O período de lockdown, causado pelas restrições devido à pandemia, gerou dados importantes, como uma queda de 20% na emissão de gás carbônico, fato inédito desde 1970. Entretanto tal aspecto durou muito pouco. O conceito de antropausa, nome dado pela ciência, é entendido como o ‘descanso’ que os humanos deram à natureza pela falta dos impactos ambientas, poluição e emissão de gases.

O surgimento da Covid-19 gerou um aumento da geração de lixo hospitalar em todo o mundo, bem como no volume de resíduos perigosos e plásticos domésticos. Para se ter uma noção desse aumento, em 1950, o mundo produzia 2 milhões de toneladas métricas de plástico. Em 2017, foram 8.3 bilhões de toneladas métricas de plástico e a projeção para 2050 é de 34 bilhões de toneladas métricas de plástico produzido. De acordo com uma pesquisa da Agência Internacional de Energia Atômica (International Atomic Energy Agency – IAEA), nos próximos 80 anos, a quantidade de plástico nos oceanos pode aumentar em até cinco vezes.

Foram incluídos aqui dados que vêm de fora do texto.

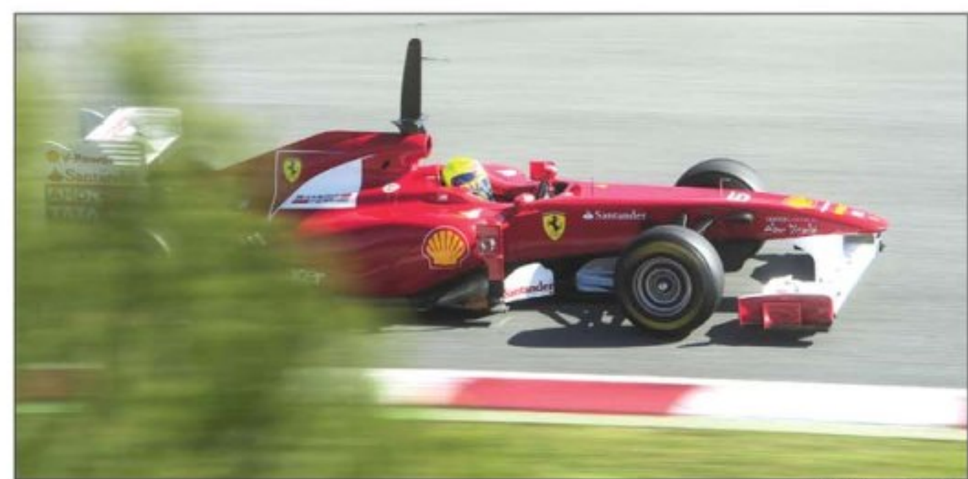
KENCANG: Pembalap Ferrari Felipe Massa saat melintas di trek Sirkuit Montmelo, Barcelona dalam ujicoba (21/2).
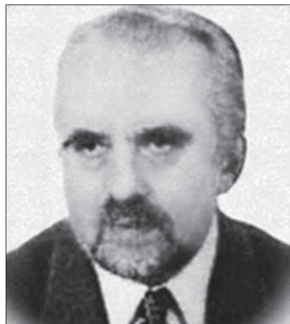
Ryc. 17. Andrzej Komorowski
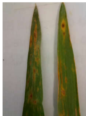
Photo 1 : Taches physiologiques et non septoriose sur F3 de la variété Chevignon.

Envisagez un traitement systémique dès que la dernière feuille est complètement déployée. Voir liste de produits et dose selon nuisibilité des
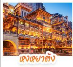
แสงเซาตัง

สัมผัสใบไม้แดงสุดงดงามที่ ภูเขาหมี่ซางซาน และ ภูเขากวงอู๋ซาน ชมวิวกลางคืนสุดอลังการที่ หงหยาดัง แลนด์มาร์กชื่อดังแห่งฉางชิ่ง สักการะพระโพธิสัตว์เจ้าแม่กวนอิม ณ วัดหลิงฉวน ขอพรเสริมสิริมงคล ช้อปปิ้งแลนด์มาร์กสุดฮิต แพนด้าปิ่นตึก IFS + POP MART ช้อปปิ้งจุใจที่ ไท่กุ่หลี่ ถนนคนเดินซุนชี่อู๋
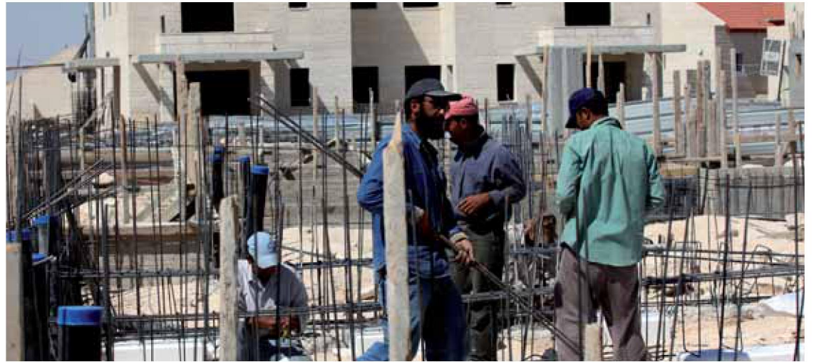
היבטים הבטחוניים מגבילים את היקף הגידול הפוטנציאלי. פועלי בניין פלסטינים

ב-2015 בלבה, השקיעה סין קרוב ל-5.7 מיליארד דולרים בתשתיות במזרח התיכון ובצפון אפריקה, וב-2016 זינק היקף ההשקעות בתשתיות ל-21.5 מיליארד דולרים. גם בישראל מעורבת סין בהקמת תשתיות, דוגמת כריית מנהרות הכרמל בחיפה, הקמת הרכבת הקלה בתל אביב והרחבת נמלי אשדוד וחיפה, לצד הכניסה שלה לתחום הבניה למגורים. לצד השקעות אלו, מציינים חוקרי המכון, עניינה המוצהר העיקרי של סין בישראל הוא בתחום החדשנות. בעיני סין ישראל בולטת על-אף קוטנה בהישגיה המדעיים, במספר חברות ההזנק שלה ובמספר חתני פרס נובל שלה. לאור הצורך החיוני של סין בטכנולוגיות מתקדמות ובפתרונות חדשניים עבור אוכלוסייתה הגדולה והמתבגרת, משקיעה סין בישראל בתחומי היי-טק, חק לאות ומזון, טכנולוגיות מים, מד-טק וביו-טק. על-פי הערכות משרד הכלכלה, ב-2015 היה היקף השקיעותיה הכולל למעלה מחצי מיליארד דולרים. סין מעודדת גם הקמת מיזמי חדשנות ישראלית בסין, דוגמת עיר המים בשואר-גואנג, בשילוב טכנולוגיות מים ישראליות. הקמת מכון אקדמי טכנולוגי בגואנג-דונג על-ידי הטכניון, שמומנה בתרומת 130 מיליון דולר מהמיליארדר לי קא-שינג היא דוגמה לתפקידם של אנשי עסקים מסין בקידום היחסים בין המדינות. בשנים האחרונות נרשמת בישראל תנועה ערה של משלחות אנשי עסקים סיניים, לצורך השקעה בחדשנות, בתחומים שהגדירה

“O plástico também tem impactos importantes no meio ambiente. Eles se movem, não ficam parados onde são descartados. Conseguem se transportar ao redor do mundo de diferentes formas, ficando depositados em todos os ambientes e águas, entrando em todos os biomas. Os plásticos também estão envolvidos em outra pandemia chamada “Resistência Antimicrobiana” com impactos pouco visíveis. É por meio de micro plásticos que antibióticos e metais pesados servem como reservatórios para comunidades de bactérias que podem retornar aos seres humanos”, finaliza o Dr. Douglas McIntosh.